If energy isn’t created or destroyed, a closed system should have a constant energy so if the universe is closed, its energy should be constant. But it isn’t that simple as in an expanding universe every photon now has a longer wavelength than it did a moment ago and so has less energy than it did before. The cosmic background radiation that was once white hot is now freezing cold because expanding space took its energy and didn’t give it back, so the total energy is reducing. A universe expanding into something isn’t closed so energy isn’t conserved because expanding takes energy. On the other hand, the energy of the universe is mostly dark energy, which must increase to keep the cosmological constant the same, so the energy of the universe is increasing. Either way, it is very unlikely that the total energy of our universe is constant.
Energy is locally conserved, as solar panels, windmills and dams convert radiant, wind and gravitational energy into electricity, but it isn’t universally conserved. Just as the bank notes in a country might be locally constant but global inflation can reduce their value, so space expanding can alter the value of energy on a universal scale.
If energy isn’t always conserved, what is? In quantum realism, our virtual universe arose when the original quantum reality split into the servers and clients that generate it, in what physics calls inflation. If this was a once only event, the number of photons in existence has remained constant at a finite number. Expanding space changed energy but not the total number of photons.

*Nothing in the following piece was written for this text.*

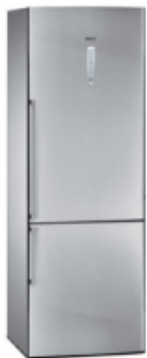
LA NEVERA/ EL FRIGORÍFICO
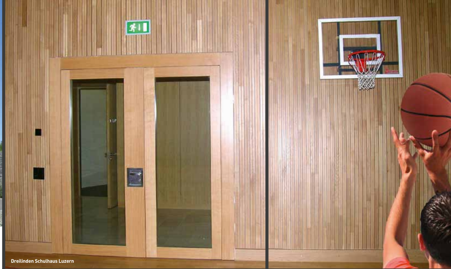
Dreilinden Schulhaus Luzern

A ufgrund ihrer Nutzung unterscheiden sich Sporthallen grundlegend von Bürogebäuden und Wohnhäusern. Intensiver körperlicher Einsatz gehört genauso zum Sport wie die Begeisterung der Aktiven und Zuschauer. Personensicherheit ist daher bei der Planung und Ausstattung von Sportstätten ein wichtiger Punkt, der sich naturgemäss auch auf den Brandschutz in diesen Gebäuden auswirkt: Gemäss Europäischen Normen (EN), die auch die Schweiz übernimmt, sind hier insbesondere Ballwurfsicherheit und Aufprallschutz nachzuweisen.

If every physical event is a reboot of photons in various forms, as light or matter, photons are always conserved. Current physics conserves matter, charge, energy, momentum, isospin, quark flavor and color but each law is partial, as matter isn’t conserved in nuclear reactions and quark flavor isn’t conserved in weak interactions. The underlying conservation is that of photons.
If all energy, radiant, kinetic, potential and nuclear, is based on photons then the conservation of energy reflects the conservation of photons. For example, when a solar sail turns radiant energy into kinetic energy, photons enter the sail and are conserved. Photons also explain potential energy as when a rocket crashes on Jupiter with more energy than the potential energy it took to leave earth, it acquires photons from Jupiter’s gravity. Photons are the means that potential energy lacks. The universal conservation is of photons because everything is light upon light, nothing but light.